- _Work instruction_
Write out the line that holds "Зуб (фрагмент). Акула." together with every line that follows it to the end of the material below, exactly. Omit the pictures.
[[ Dataset content open ]]
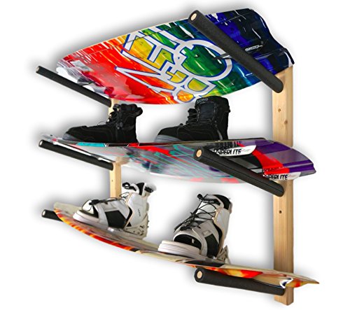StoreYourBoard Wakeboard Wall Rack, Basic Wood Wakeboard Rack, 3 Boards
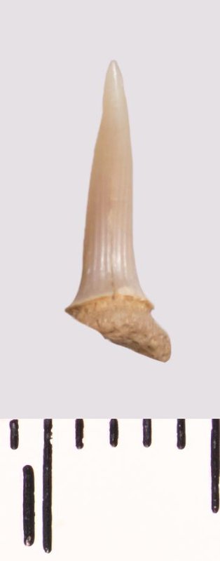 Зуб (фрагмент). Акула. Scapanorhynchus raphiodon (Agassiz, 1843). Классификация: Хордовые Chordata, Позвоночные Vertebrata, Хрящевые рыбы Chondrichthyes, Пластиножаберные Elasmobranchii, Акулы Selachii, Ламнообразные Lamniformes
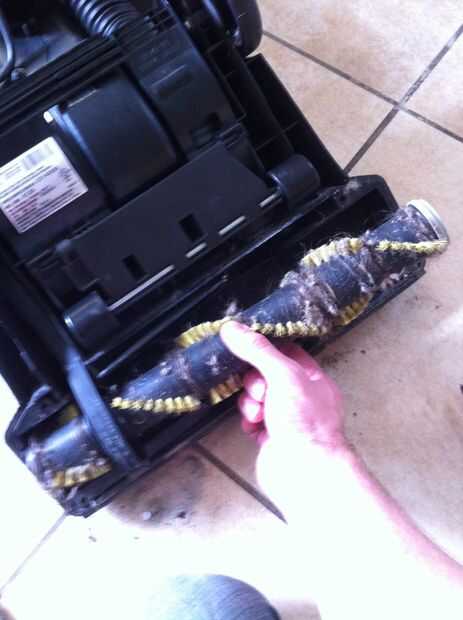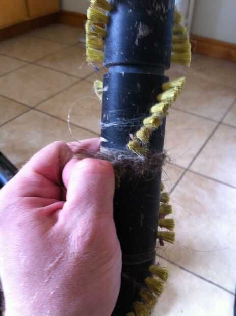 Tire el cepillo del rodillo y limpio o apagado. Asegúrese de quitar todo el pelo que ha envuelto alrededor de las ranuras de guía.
[[ Dataset content closed ]]
- _Solved problem_
 Зуб (фрагмент). Акула. Scapanorhynchus raphiodon (Agassiz, 1843). Классификация: Хордовые Chordata, Позвоночные Vertebrata, Хрящевые рыбы Chondrichthyes, Пластиножаберные Elasmobranchii, Акулы Selachii, Ламнообразные Lamniformes
 Tire el cepillo del rodillo y limpio o apagado. Asegúrese de quitar todo el pelo que ha envuelto alrededor de las ranuras de guía.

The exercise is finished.